Another wave of performance-enhancing upgrades to the site and underlying technologies. Constant tuning seems to be the price we pay to use 150+ open source Drupal modules. Here is a combination of changes that make a big improvement:
- Added support for a slave database that automatically launches and terminates on weekdays during business hours. After some initial adjustments, this database took over about 50% of the database workload without experiencing any async-related errors.
- Implement APC cache for several key cache tables. Previous experience and research with memcached suggested that it would not provide the stability required. On EC2, it seems that memcached requires multiple instances to achieve production-grade reliability, and we do not currently run enough instances to make that work. Additionally, although it is less scalable volume-wise, APC is a faster local cache that does not require making the socket connection. The APC cache is also more aggressive than the traditional Drupal cache. The traditional Drupal cache clears itself for all sorts of reasons (that are often triggered by our cron jobs), and it never caches the "no entry in cache" result. By improving use-case-specific logic for clearing individual cache entries, and by maximizing the cache speed via APC, we saw a good boost in performance and drop in hits to the database.
- Implement APC cache for path calculations. Watch the database to see how many path-related queries are run on each request, especially if you are running global redirect.
- Reduce database queries through optimization of authorization functions. The organic groups access function is not really optimized. For instance, it triggers a user_load() to get a list of groups rather than just loading the groups. Depending on how many other modules hook into user_load, that can introduce significant additional queries. This change had a massive impact on speed, even for small single-node pages.
- Create a teaser cache table for use in views. Many of our views simply filter nodes and display the teasers. By caching the teasers across views, we dramatically improve the speed of those interfaces.

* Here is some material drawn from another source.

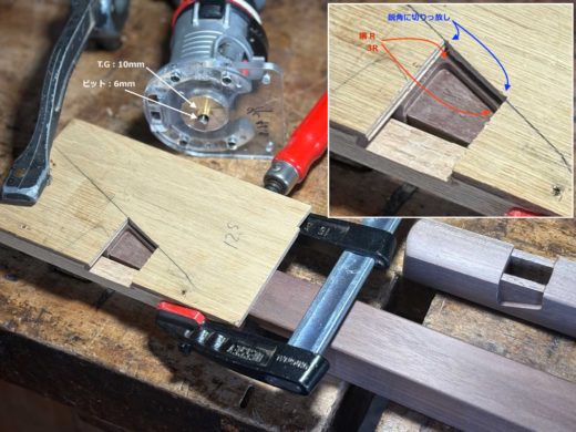 つまり、ルーターでの段欠き加工では、基本的にはどのような径のビットでも対応可能ですが、このように、隅丸を考慮した径の選択をすることで型板作成も よりイージーになりますし、結果、補助的な手加工など無用で、スピーディ、かつ美麗に納まるというお話です。

These changes yielded significant performance boosts. After all the changes were completed, the total database CPU usage was down 66%, which means the system was working about 1/3 as hard. Additionally, the slave's usage ratio increased such that it now takes more of the load than the master, which bodes well for scale-out during the peak spring months. Total site performance through these changes improved by at least 33%. While that does not match the CPU drop, it was still a great step forward.